Hops shortage gives brewers a headache

The brewing industry is facing a mother of all hangovers because of a major shortage in beer hops.

Both Lerwick Brewery and the Valhalla Brewery in Unst have fallen victim to the problem, which has given beer-producing businesses throughout the country pause for thought in the search for a consistent supply.

The issue has been put down to a rapid growth in the market for craft beers, which has pushed up demand.

Around three breweries are said to be opening up per week in the UK, where 90 breweries operate north of the border.

However, a boom and bust in the hops extract market has also had producers drowning their sorrows.
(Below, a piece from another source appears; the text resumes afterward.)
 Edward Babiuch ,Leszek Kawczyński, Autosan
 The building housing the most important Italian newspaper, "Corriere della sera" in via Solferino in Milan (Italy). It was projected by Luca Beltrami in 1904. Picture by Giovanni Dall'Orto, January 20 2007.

Some American suppliers were also affected by droughts last year, which ensured that an anticipated bumper harvest never materialised.


Lerwick Brewery manager Rhanna Turberville. Photo: Dave Donaldson
Lerwick Brewery manager Rhanna Turberville. Photo: Dave Donaldson

Staff at Lerwick Brewery are toasting their success following its 2012 launch, with last week’s high-profile visit by First Minister Nicola Sturgeon adding to their prestige. It is looking forward to a two-fold increase in production this year.
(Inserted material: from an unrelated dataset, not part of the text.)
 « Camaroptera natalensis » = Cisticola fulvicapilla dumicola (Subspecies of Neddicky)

But Lerwick Brewery manager, Rhanna Turberville, said the hop shortage was a “huge problem”.

“At the moment we have to sign up to a contract to make sure we get the hops that we need. We need to know a year in advance of the harvest what we are going to be using, and there are only a certain range of hops we can get access to.”

Popular among the hops on demand, typically found in America and New Zealand, are Citra, Galaxy and Nelson Sauvin.
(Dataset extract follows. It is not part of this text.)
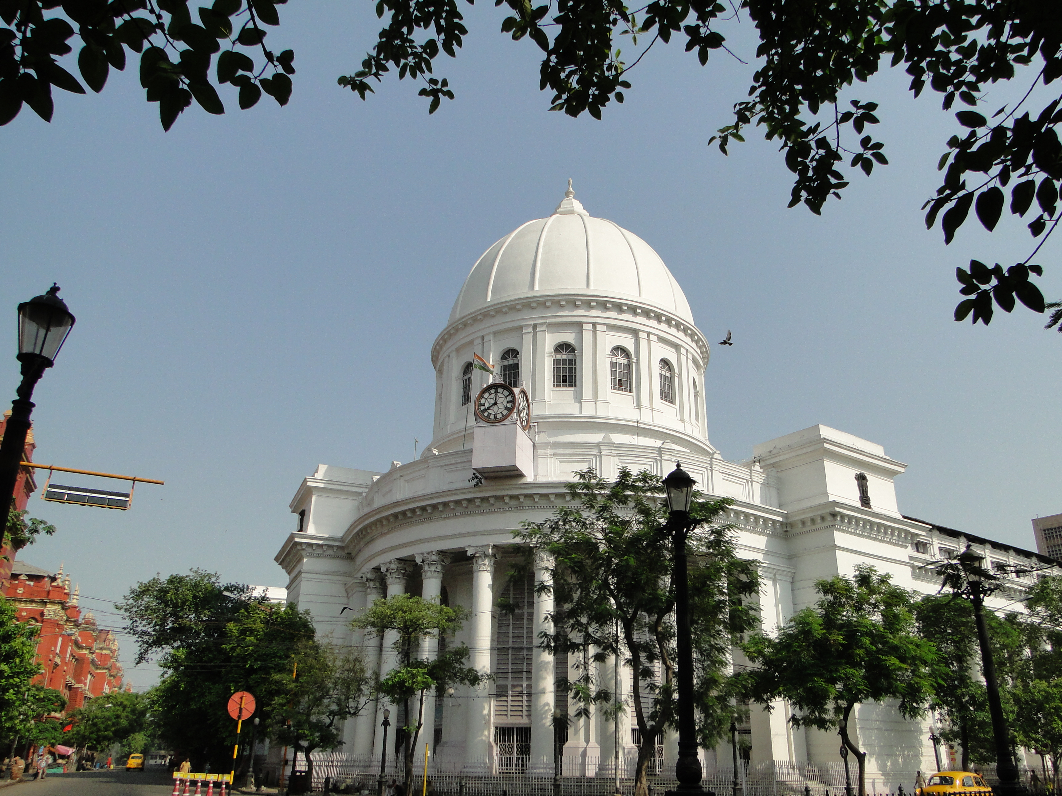 GPO, Kolkata

The brewery believes at least part of the solution could lie in looking to other hop-producing countries, such as the UK and Slovenia, which have hitherto been overlooked.

But large businesses buying up in bulk have posed problems for smaller enterprises.

“There are a few we’re never going to get access to and that’s partly down to big brewers buying them up, and demand as well,” said Ms Turberville.

She added the business had signed a contract for supply during 2017 but was already being asked to look ahead for the next two to three years.

“It’s difficult to gauge what we’re going to need. There are a number of new breweries. There are 90 in Scotland, with three opening per week in the UK. So, with that, there is an increase in hop demand, and there are popular styles of beer, like hoppy IPAs.

“It’s an interesting issue and it is causing headaches.”

Sonny Priest with some of his Valhalla ales.
Sonny Priest with some of his Valhalla ales.

In Unst, brewery owner Sonny Priest said the issue was a major problem.

“We’ve cross-matched as best we can. You can’t get it exactly the same, but we’ve done trials with the hops. We feel that what we’ve achieved is pretty much the same flavour. It makes things a lot more awkward, but at least we are able to get the flavour we want.”

He said he had also come under pressure to sign up for hop supplies years in advance.

“When you’re a small business like this you have no idea what you’ll need. We brew on demand and it varies from year to year. You can’t present accurately what you are going to need.

“We’re working on a new brew just now that will be coming out at the folk festival. You don’t know quite what the response is going to be to that. If that’s popular you’ll need quite a bit of it, and that’s different hops again we’re using.

“The stock that you need to hold is much bigger.”

He said the problem stemmed from a hop excess, which had led to the development of a market for hop extracts.

That caused breweries to rely on the “mountain” of extracts available. By the time that mountain had been depleted, he said, hop growers, who had long-since lost their hop premium, had gone over to growing other things instead.

“It’s just one of those things that you have to deal with, and living remotely like this makes it even worse because you’re last in the line and you tend to get what’s left.”


Add Your Comment
  • Bill Smale

    • April 12th, 2016 22:11

    Huge quantities of hops were grown in the south-east of England & the West Midlands until the 1960s when the ‘big brewers’ decided to start buying in hops from abroad as they were cheaper & the varieties more suitable for lager which was then the trendy drink. Most of the hop gardens are long gone – some turned into vineyards! – and the distinctive oast houses used to dry the hops converted into posh houses. It is good to see increased demand for hops from the new-wave craft brewers – hopefully it will encourage the revival of the British hop industry. With global warming and poly tunnels, it might even be possible to grow them further north!

    • Frank Ormston

      • April 14th, 2016 13:31

      I don’t see why not – there’s a successful commercial hop garden at Ellerker in Yorkshire, and last year an experimental crop was reported to have done well at Invergowrie.